As for the Internet, my impression is that in the short run it’s actually contributing to more Balkanization among Catholics. And I’m admittedly guilty of contributing to the problem. I’ve learned (from colleagues in philosophy) of web communities of Roman Catholics who openly express hope for an all out war against Muslin people, anti-Semitism, and restrictions on religious freedom, in direct opposition to the teachings of Vatican II. (These are not members of the SSPX. And I assume they are not aware of the teachings of Vatican II.) Almost as soon as I learned of these and related web communities and read some of what appears in their posts I adopted a strict “hands off” policy towards them. I simply don’t think it’s good for my faith life to keep reading such expressions of hatred, even though I realize I should not be ostracizing fellow Catholics. (And for all I know I have met some of these people at Mass). Of course, I’m aware that some may raise analogous complaints against our Commonweal web community, since some of us have occasionally denounced other Church teachings such as the prohibition against contraception. What makes our web community different for me is that, with only a few notable exceptions, we generally treat each other with respect and allow for opposing views — I have always felt welcome here even though many participants occasionally disagree with me.
Benjamin –
I suspect we’re not very far apar about the basics. With Aquinas I think that de facto reason does not solve all our moral quandaries. My big problem with appealing to feelings is that though I think there are probably some feelings that tell us something about what is morally good or evil, I don’t know of any way to distinguish those feelings which tellus what is good from feelings which tell us that evil is good.

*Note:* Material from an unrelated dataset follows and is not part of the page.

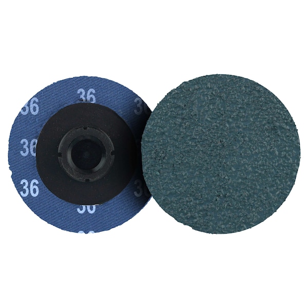 Coated Abrasive Blending Disc, Abrasive Type Coated, Abrasive Material Zirconia Alumina, Backing Material Cloth, Backing Weight Proprietary, Coating Coverage Closed, Grade Coarse, Grit 36, Overall Diameter 2 in, Quick Change System TS, Series Tiger Zirc, Maximum Operating Speed 25,000 RPM
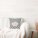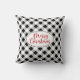 Um padrão de xadrez preto e branco decora este travesseiro, com as palavras Feliz Natal. Um travesseiro decorativo divertido para o seu decoro de Natal. Projetado para você pelo Blackberry Boulevard.

Eichmann loved to kill Jews and counted himself wise for doing so, while Bonhoffer wanted to save them. Both acted on feelings, but the feelings were contradictory. How do you tell the difference between the good one and the bad one? Looking for more facts which are non-feelings to justify the feelings just takes us back to having reason alone solve these matters.
I suspect that it is a combination of fact and feeling that is of use in some quandaries, but . . .
I look on feelings as information; they’re physical reactions to states of existence that we have to decode because sometimes the feelings are intuitive or otherwise not fully conscious (e.g., your gut telling you something’s wrong). So as information they need to be parsed by reason; that’s where the ultimate determination is made.